Idea to ponder: believing in conspiracy theories as explanations of events is similar to believing in a god or gods. Both are products of the human tendency to ascribe intelligent design and planning to patterns and complex phenomena, an instinctive bias part of the human psychological makeup.

belief causality conspiracy theories god religion teleology thoughts 2

2002/11/12

I spent the day walking around Inverness and its environs, taking a stroll up and down the banks of the Ness. As I was walking around town, I thought that Inverness would be a great setting for a mystery story or thriller.

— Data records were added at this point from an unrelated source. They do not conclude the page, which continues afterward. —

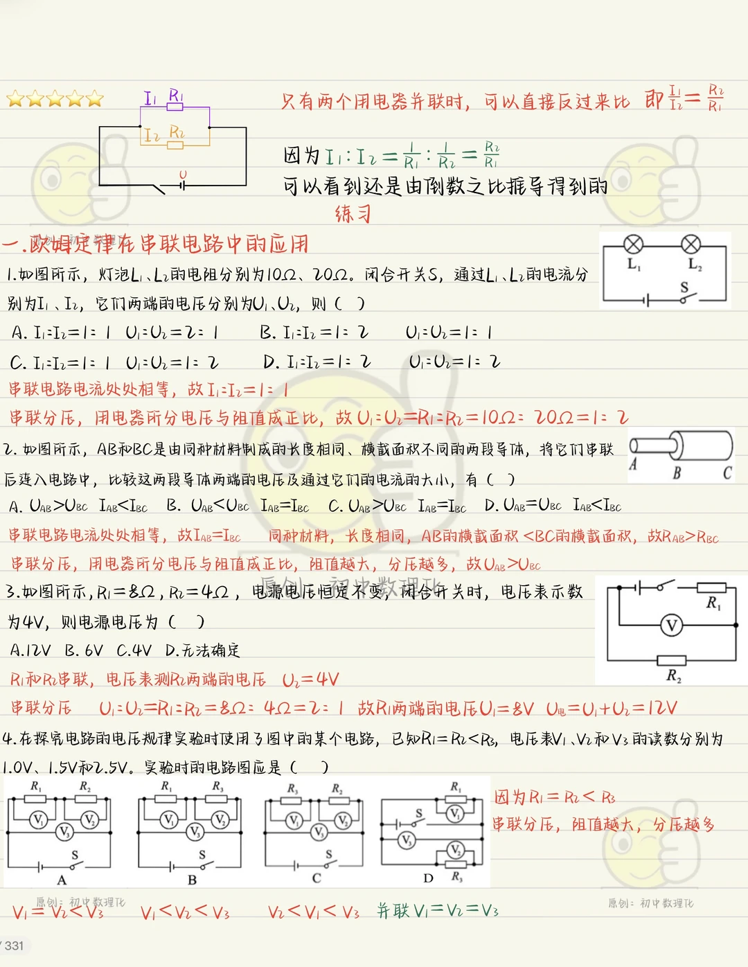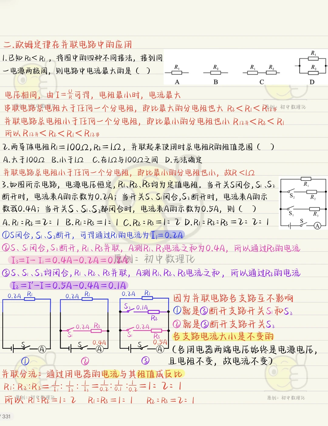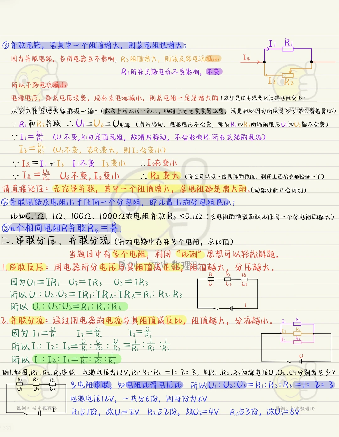 串联分压:在串联电路中,总电压等于各电阻电压之和。电阻越大,其分得的电压也越大。电压按电阻值正比分配。 并联分流:在并联电路中,干路电流等于各支路电流之和。电阻越大,其分得的电流反而越小。电流按电阻值反比分配。 核心是欧姆定律:I = U/R,它是分析电路的基础。
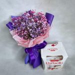 Подарочный набор – Букетик гипсофилы (размеры: 25 см высота, 20 см ширина) с коробкой конфет Raffaello. Доставляется в крафтовом пакете (высота 25 см, ширина 22 см, глубина 12 см).
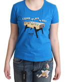 Moschino Blue Cotton Come Play 4 Us Print T-shirt
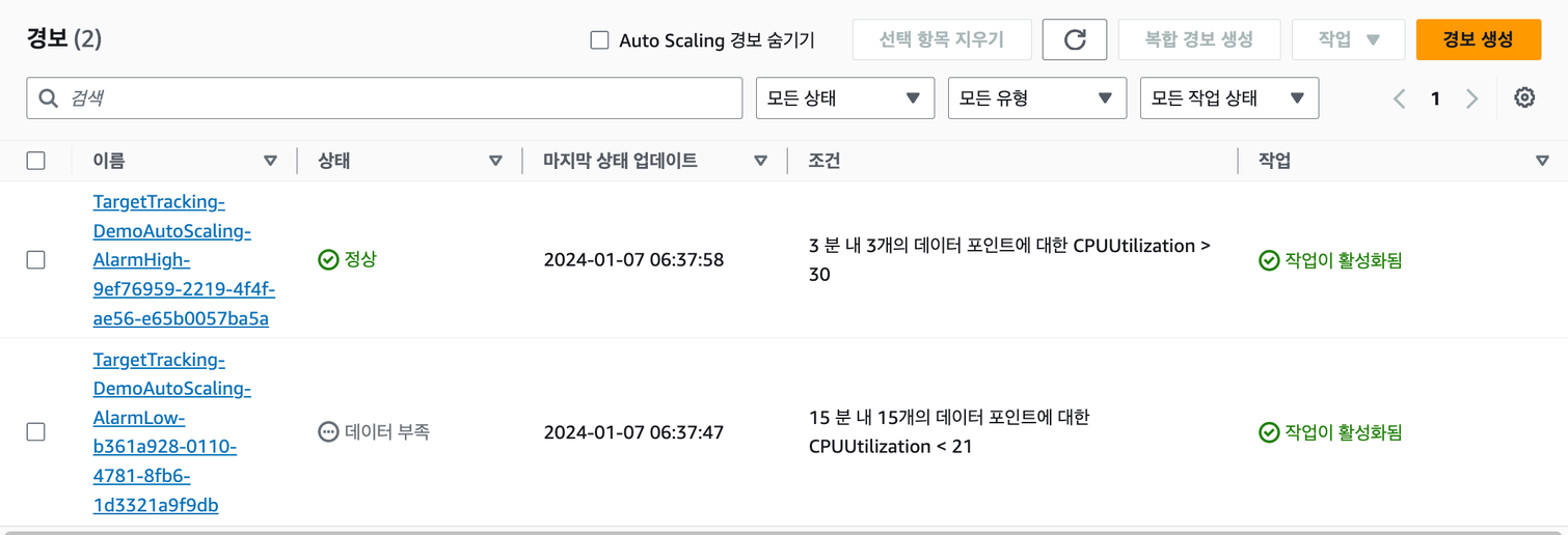 DemoAutoScaling 내 ec2의 평균 CPUUtilization이 30보다 크면 CPUUtilization 알람이 발생한다.
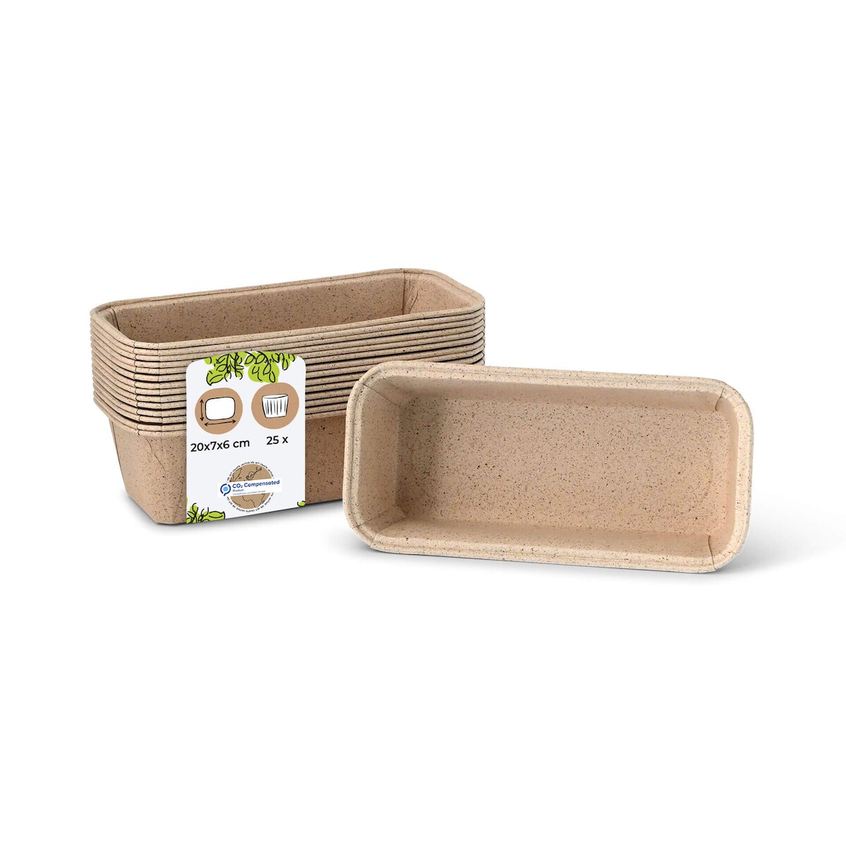 BIOZOYG 25 Stück Backform 20 x 7 x 6 cm Kakaopapier, Rechteckige Kastenformen - Kompostierbare Kuchenform, Backschale, biologisch abbaubar
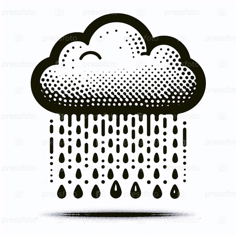 Дождевое облако с каплями чернил Рисунок художественный печат, Ai generated image
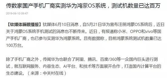 月初,业界消息称华为在100万部手机测试鸿蒙操作系统。这个规模令人惊讶,说明系统已经初步成型,到了大规模测试修改的阶段。近日,除早有预料的BAT等互联网生态巨头与华为联合测试,又传中国几大手机厂商都派出技术员入驻华为,实测鸿蒙系统。
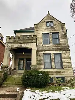 The Charles A. Miller House is a historic residence in Cincinnati, Ohio, United States. Built in 1890 according to a design by Samuel Hannaford,[1] it is a two-and-a-half story building constructed in the Gothic Revival style.[2]: 5 A brick and limestone structure with a slate roof,[3] its facade is dominated by courses of ashlar, plus battlements at the top,[2]: 5 and a prominent portico at the entrance.[4] The floor plan is that of a rectangle, two bays wide and four bays deep; the right portion of the building features a gable, while the battlements appear primarily on the left side. Structurally, the house is supported by a post and lintel construction, with the exterior courses of stones forming the lintels as well as horizontal bands around the building.[4]
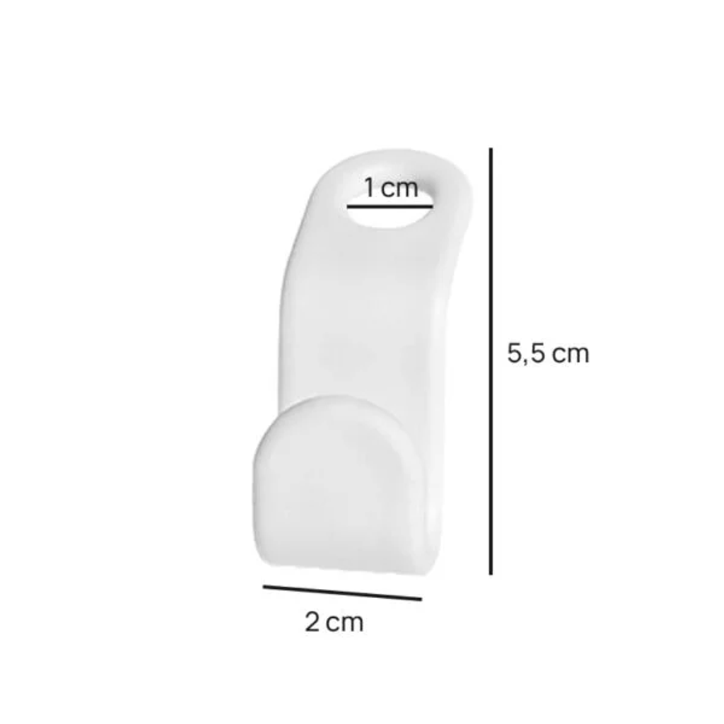 Tillverkade av hållbar plast, är dessa krokar både lätta och robusta. Varje krok har en kompakt storlek på 5,5 x 2 cm, vilket gör dem lätta att hantera och placera i garderoben. Hålets diameter på 1 cm passar perfekt för de flesta galgar, vilket gör installationen enkel och snabb. En effektiv lösning för att optimera garderobsutrymmet och hålla dina kläder och tillbehör välorganiserade.
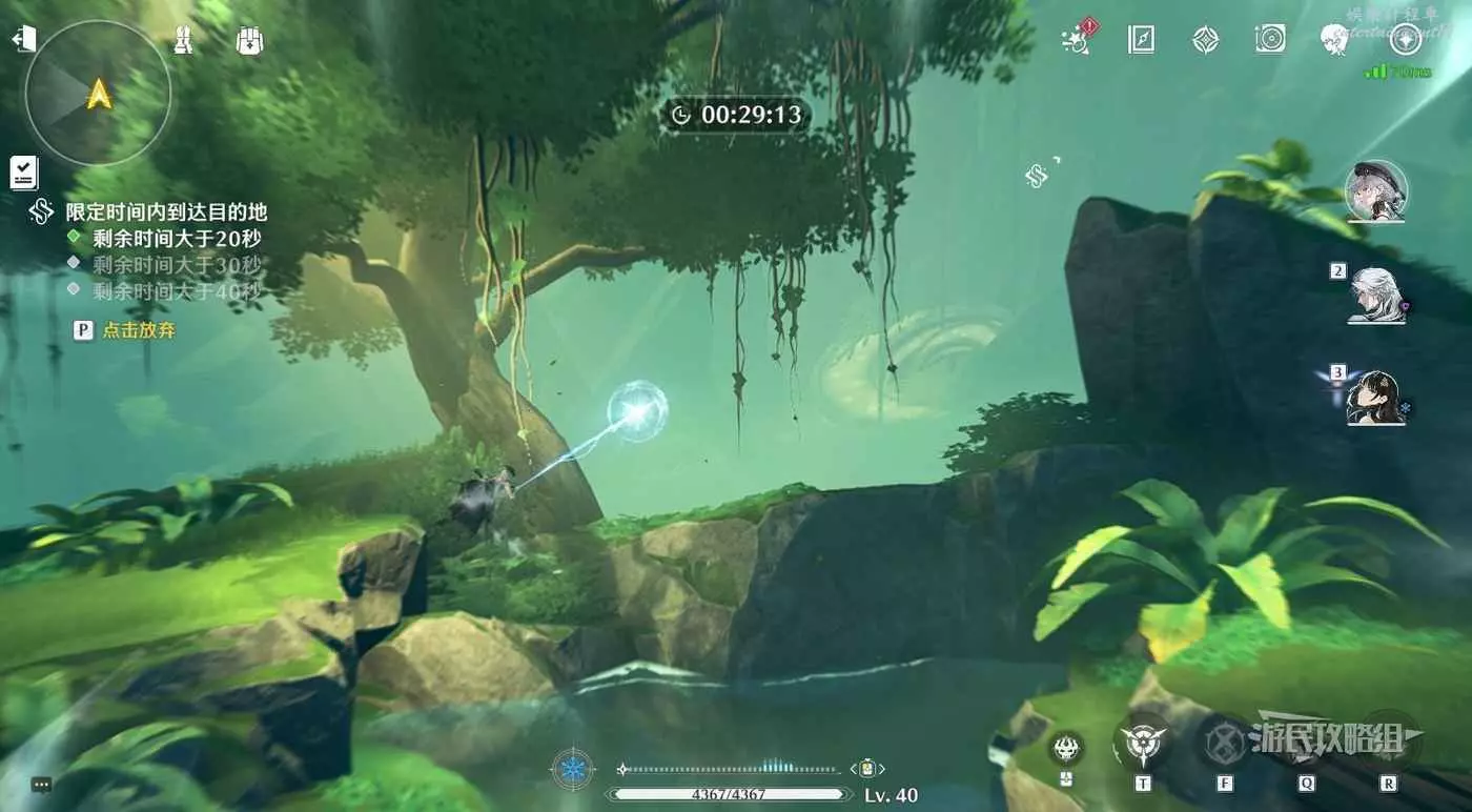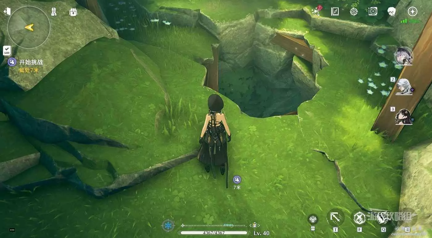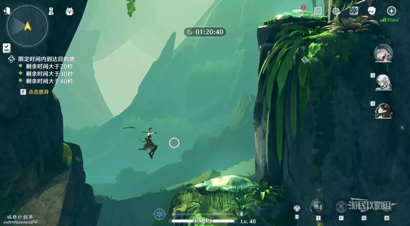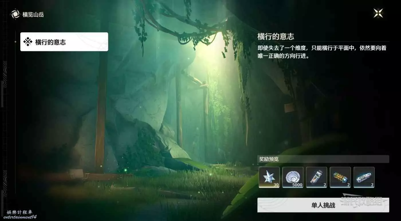 對話完畢後,跳下前方的山洞裡挑戰就會開始。這裡是需要在限制時間內通過橫版關卡,可以掉血,但不能死亡。可以重複挑戰。
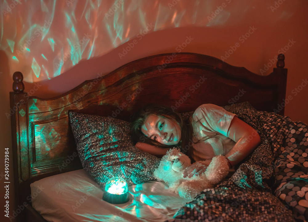 girl sleeps at night and sees quiet dreams. The teenager sleeps with a night radiant lamp in an embrace with a bear.
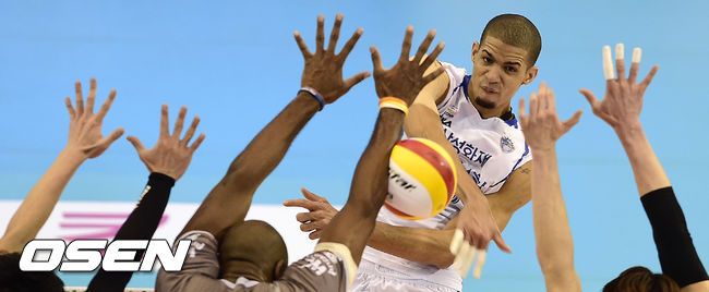 15일 오후 대전 충무실내체육관에서 열린 '2014-2015 NH농협 V-리그' 삼성화재와 OK저축은행의 경기, 2세트 삼성화재 레오가 스파이크를 시도하고 있다.
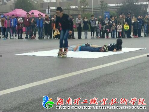轮滑活动区,由开始的拉龙活动到轮滑冠军的地平式绕桩等表演,都赢得了现场观众无数叫好声与欢呼声。湘潭市轮滑协会带来的压轴表演更是聚集了我院等多所湘潭高校的轮滑爱好者们。同样,湘潭127Slide刹车队带来的“极限跳人”,更是精彩绝伦。轮滑爱好者们帅气的从趟在地上的挑战者身上跳过,从挑战2人增加到最后的9人,并且无一失误,可见技术之精湛。
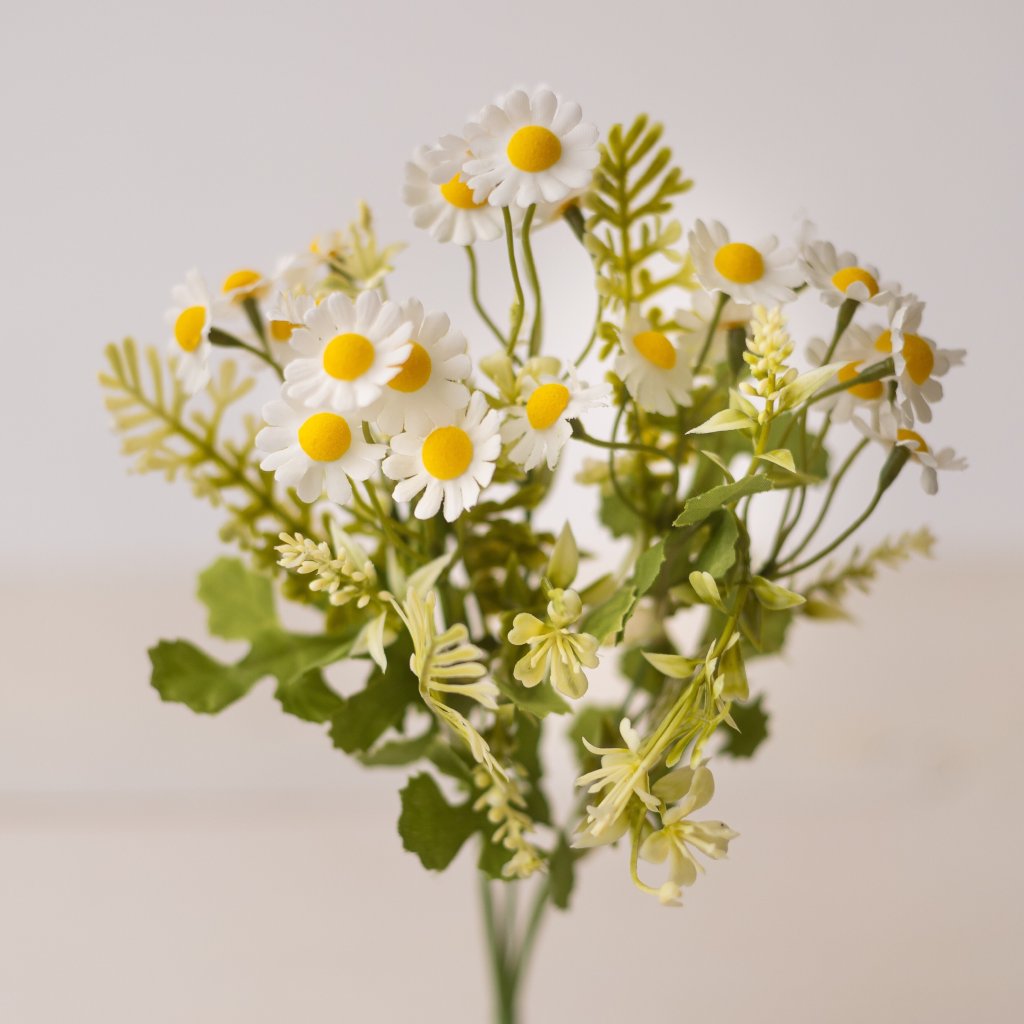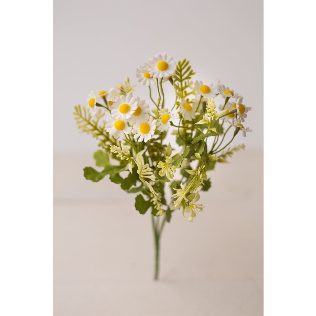 Kytička kamilky s mini kvietkami. Umelá kytička s jemnými kvietkami je ideálnou voľbou pre celoročné dekorovanie. Kytička má výšku približne 35 cm a pozostáva z 5 bohato rozvetvených stopiek, ktoré vytvárajú prirodzený a vzdušný vzhľad. Vďaka kvalitnému spracovaniu je vhodná na rôzne aranžmány – do váz, kvetinových dekorácií, venčekov, stolových ozdôb či sezónnych výzdob. Je ideálna do domácností, kancelárií, prevádzok aj na slávnostné príležitosti. Umelá kvetinka si zachováva svoj vzhľad počas celého roka a nevyžaduje polievanie ani špeciálnu údržbu.
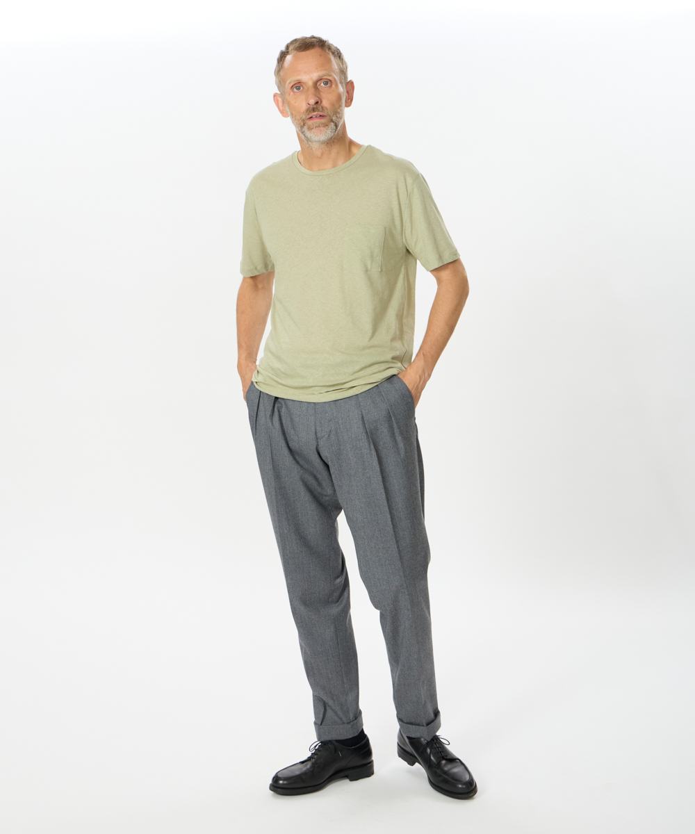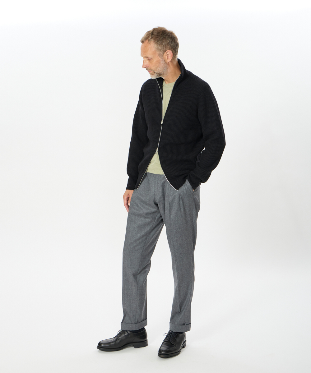 2プリーツ仕様に加え、ウエストにはクラシカルなサイドアジャスターを採用。腰回りにはゆとりを持たせながらも、裾に向かって美しくテーパードするシルエットが特徴で、現代的な感性を取り入れた“モダンクラシック”な一本に仕上がっています。

As I was walking upstream, through the autumnal landscape, the river slowly flowing towards the Moray Firth around islands full of high trees, I realised why: because the landscape looks somewhat like the landscape of British Columbia, Canada, which (through films and television from the X Files to Insomnia) has become shorthand for that type of story.

I also stopped by at the whisky shop and picked up a bottle of something called Athol Brose, purely on the strength of the Cocteau Twins having titled a song after it. It's quite nice.

inverness personal scotland thoughts travel 1

2002/8/6

Thought for the day: Consciousness is a meat byproduct.

consciousness meat thoughts 5

2002/7/21

It's funny how, lying in bed and being stared at by a cat, sometimes the cat's eyes look like the eyes in one of those old paintings of Jesus Christ, beholding you with what appears like infinite patience and compassion.